Variance of a Population of Two Indpendent Random Variables

66 Views Asked by At

I have a question regarding a problem I'm looking at out of personal curiosity. Here is the basic setup of the problem:

There is a population that contains half of type A, and half of type B. The known distribution of outcomes for the whole population is N(50,7.5). The known distribution of the outcome for type A is N(50,6.5). Assuming the same mean for type B (also normally distributed), what must the variance of B be in order to get the population outcome?

I originally framed the problem as finding the variance of the average of the random variables:

$$Z = \frac{1}{2}(A + B)$$

Which gave me:

$$Var[Z] = \frac{1}{4}(Var[A] + Var[B])$$

Solving for the unknown $Var[B]$ gives an answer that does not check out during monte carlo simulation. What this says is that approximating sampling from a population that has two types in it can't be represented as the average of the distributions of the two types.

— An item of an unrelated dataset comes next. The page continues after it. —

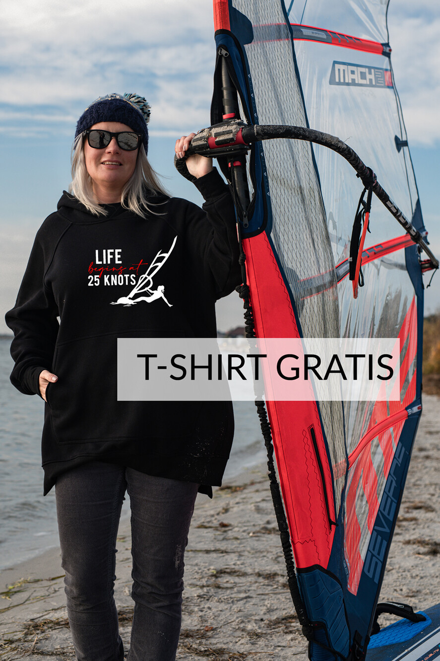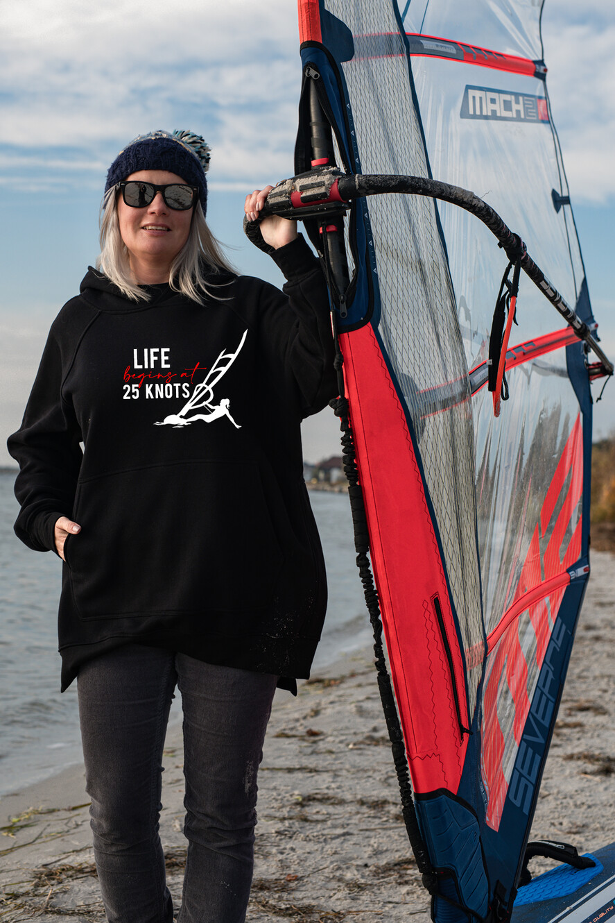 Oversize Czarna bluza damska z kapturem dla fanki windsurfingu - pomysł na prezent dla niej - damska bluza z nadrukiem windsurfing life begins at 25 knots

From trial and error, I found that the variance of B must be 8.38. This corresponds with the following:

$$Var[Z] = \frac{1}{2}Var[A] + \frac{1}{2}Var[B]$$

When I experiment with other ratios in the population, the population variance follows the rule of the weighted (by proportion in population) sum of type A and B variances.

What leads to this general rule? I have a hunch I've just forgotten a basic rule of populations and random variables. Thank you in advance for any help.

I think that I need to represent the problem as:

$$Z \sim \left\{\begin{align} &A \quad \mbox{draw from with probability }p\\ &B \quad \mbox{draw from with probability }1-p \end{align}\right.$$